In 1987 I didn't worry about kernel clock interrupts at 60 Hz, but they
are outrageous now too :-).

Clock interrupts normally aren't accounted for properly.  With proper
accounting, I've seen them taking 1-10% on bad systems in 1987 and
2007, but 0.1% is more normal.  Even a fast x86 probably takes 1
microsecond per clock interrupt to do almost nothing, so the bad default
of HZ = 1000 costs 0.1%, and HZ = 10000 costs 1%.

> On the other hand, if people are going to rely on this new feature of
> being able to execute something every second, then the integer sleep
> needs to be changed to a nanosleep() calculated to truly wake up at a
> 1hz rate without eliding seconds now and then.

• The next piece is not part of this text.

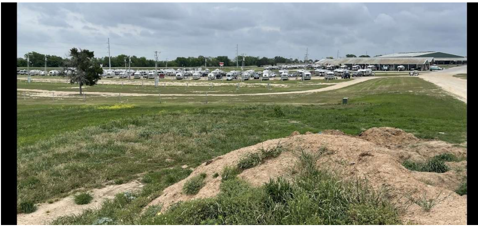
View of our March rally site

The town of Gonzales was established in 1825 by Empresario, Green Dewitt. Today it has over 7100 in population and remains as it was originally surveyed. It is famous for its refusal to return a small cannon Mexico demanded having sent 120 soldiers from San Antonio to retrieve it. The Texians of Gonzales fired the first shots of what became known as the Battle of Gonzales successfully resisting the Mexican forces and keeping the cannon. Our Region 9 attendees gathered at the Gonzales Memorial Museum at 1414 Smith St to hear an account of the history of the “Come and Take It” cannon as well as the building of the Museum honoring the 32 Gonzales men and boys who rushed to help defend the Alamo in 1836 joining Col. William Travis and the other heroes who lost their lives in the Battle of the Alamo.

My version of ping does this so as to send out packets every second
instead of drifting at a rate of approximately 2/HZ per second (normal
ping sends a packet and then tries to wait for 1 second but actually
waits for 1 second plus the scheduling granularity (rounded up) plus
any scheduling delay.  Then it has a minor delay sending the next
packet before trying to wait for 1 second again).  The drift is very
noticable if the scheduling granularity is large.  I use select timeouts
for this (ping already uses select timeouts and I just calculate the
time to the next second instead of always using 1), but I now think
this would be better implemented as a periodic itimer.  Old versions
of ping used non-periodic alarms and had significant (at least in
1987-1997) system overheads from this (for restarting the alarms), so
ping was changed to use select timeouts.  It still has to restart the
timeouts but this now happens in the same syscall that waits for a
packet to come back.

cron should care more about waking up at exact seconds boundaries.
Periodic itimers aren't accurate enough for this (they drift, but at
a constant rate).  Except high resolution timers might "fix" this using
lots more clock interrupts and outrageous slowness to get precise timing.